What to do: Reproduce the opening lines of the listing below exactly, stopping after the line that contains "Em breve, o" and leaving out any pictures.

#### Data for review ####

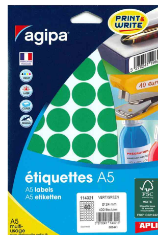
Pastilles de couleur, diamètre: 24 mm
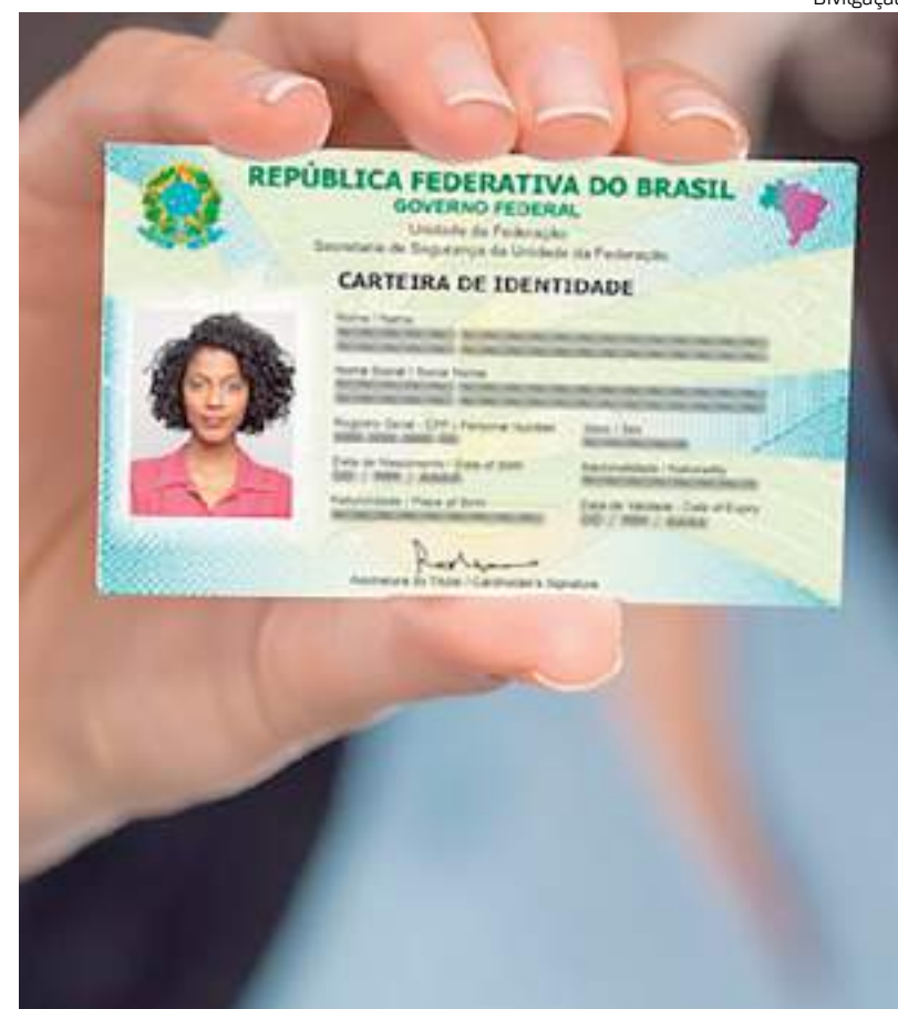
Nova CI começou a ser emitida no Estado do Rio de Janeiro

Em breve, o formato digital do documento estará disponível pelo aplicativo Gov.br.
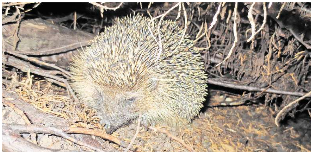
Igel brauchen einen Unterschlupf: Die Naturschutzbehörde appelliert an die Menschen, Laub und Gehölze auf einen Haufen zusammen zu kehren und liegen zu lassen.

Wer Igeln helfen will, sollte Gärten und Anlagen darüber hinaus möglichst das ganze Jahr naturnah gestalten und pflegen. Hinweise und Tipps zum Umgang und auch zur Überwinterung von Igel sind bei der unteren Naturschutzbehörde unter den Telefonnummern (05341) 839-3421 oder 839-3695 erhältlich. Gut zu wissen: Alle Igel mit einem Körpergewicht von mindestens 500 Gramm sind fit genug, den Winter selbstständig zu überstehen. Außer einem geeigneten Unterschlupf benötigen sie keine weitere Hilfe.
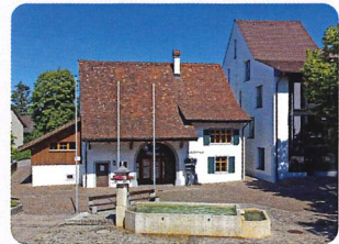
Bürgerhaus mit Museum, Döbelihaus
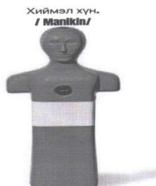
б. Хиймэл хүн
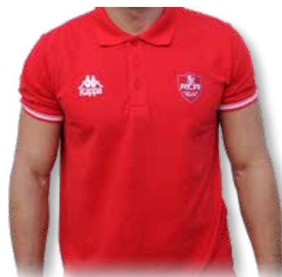
POLO BLANC Adulte ..... 35€ POLO ROUGE Adulte ..... 35€ POLO ROUGE Junior ..... 30€
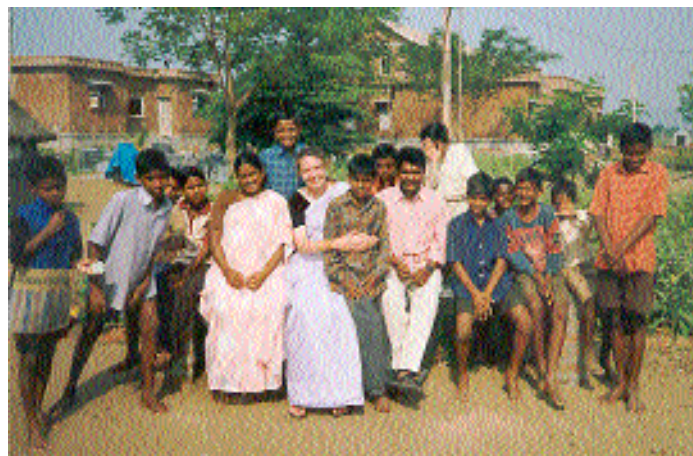
Jolette in Chiguru. Op de achtergrond de nieuwe gebouwen

En nu is daar Chiguru, vrij vertaald vanuit het Telugu betekent dat Jonge Scheut. Een prachtige plek midden tussen de bananenplantages en langs de Krishna rivier, net buiten Vijayawada gelegen. Een kinderdorp waar al 80 jongens wonen en waar hard gebouwd wordt om eind augustus dit jaar de nieuwe gebouwen in te wijden. De Chiguru-familie!
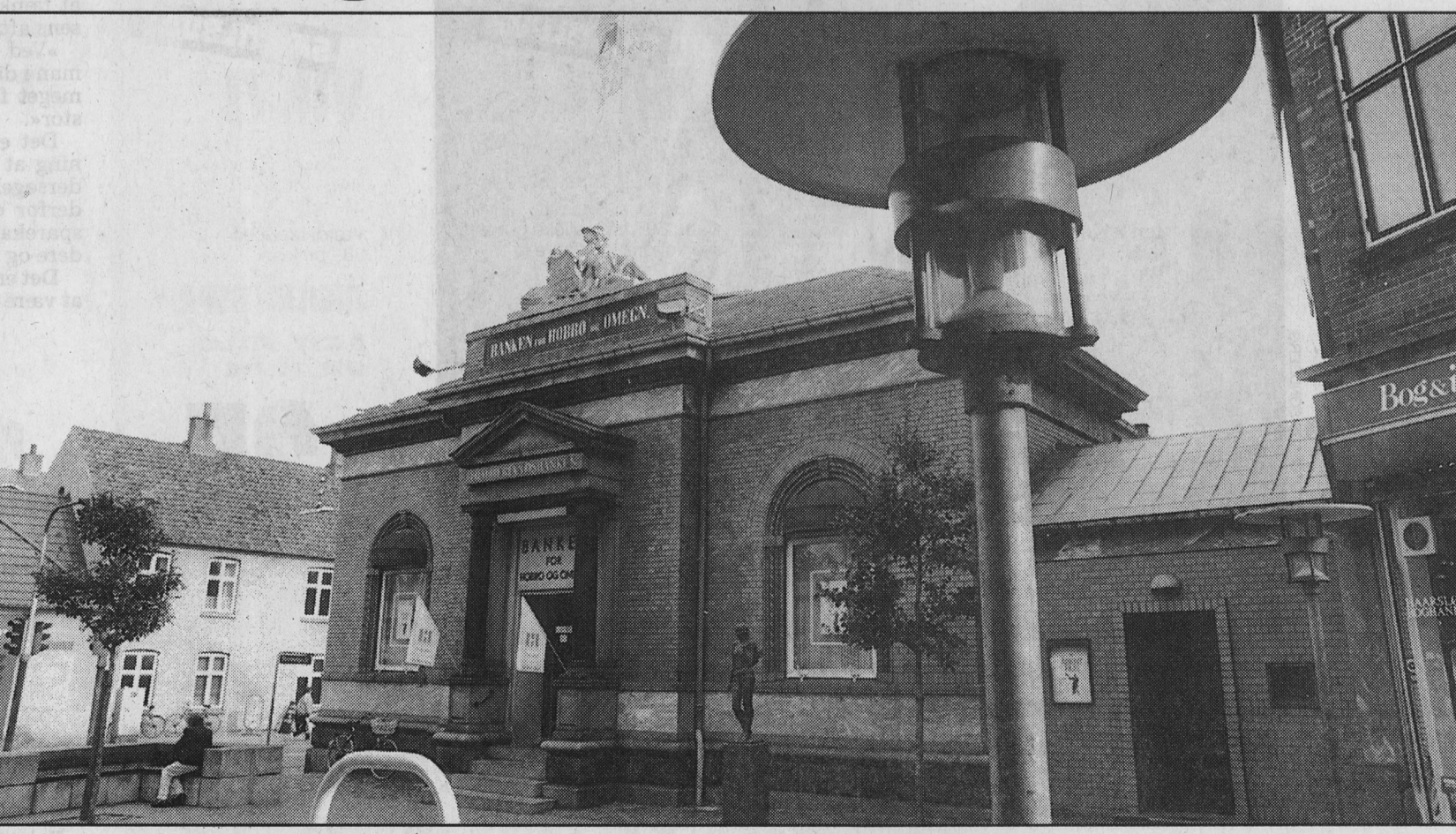
Danmarks mest omstridte pengeinstitut siden august 1993: Himmerlandsbanken i Hobro for Spar Nords skilt blev sat på facaden.

...hvorimod vi andre blev afhørt under sædvanligt vidneansvar. Faktum er, at vi ændrede ikke betingelser, undnyttede ikke situationen, og jeg blev ikke underkendt overhovedet. Men hvordan skal befolkningen - sparekassens kunder eller andre vide det, når topembedsmænd fra Told og Skat siger det modsatte i retten? Michelsen siger i en aforsime: »Uslingens bedste våben har altid været fejhed«. Heldigvis fik vi bekræftet sparekassens forklaring gennem udsagnene fra især Finanstilsynets og Industriministeriets embedsmænd samt de neutrale vidner fra Himmerlandsbanken. Og så lidt om fremtiden - læren af denne sag. Hvor mange skatteborgere/virksomheder har fået en tilsvarende uretfærdig behandling, men har givet op, fordi de ikke har haft kræfter - økonomisk, mentalt og organisatorisk - til at stå fast og gå op imod den del af embedsmændene, der sætter egen person over moral og retfærdighed. Går enevældens embedsmænd fortsat levende rundt blandt os? Allerledes den dag, vi fik regerings tilbud om fri proces til en retssag, sagde vi: »Hvis danske virksomheder skal indgå aftale med det offentlige, bør der være flere høje retssagførere til stede som vidner.«

####

Your response:
Pastilles de couleur, diamètre: 24 mm
Nova CI começou a ser emitida no Estado do Rio de Janeiro

Em breve, o formato digital do documento estará disponível pelo aplicativo Gov.br.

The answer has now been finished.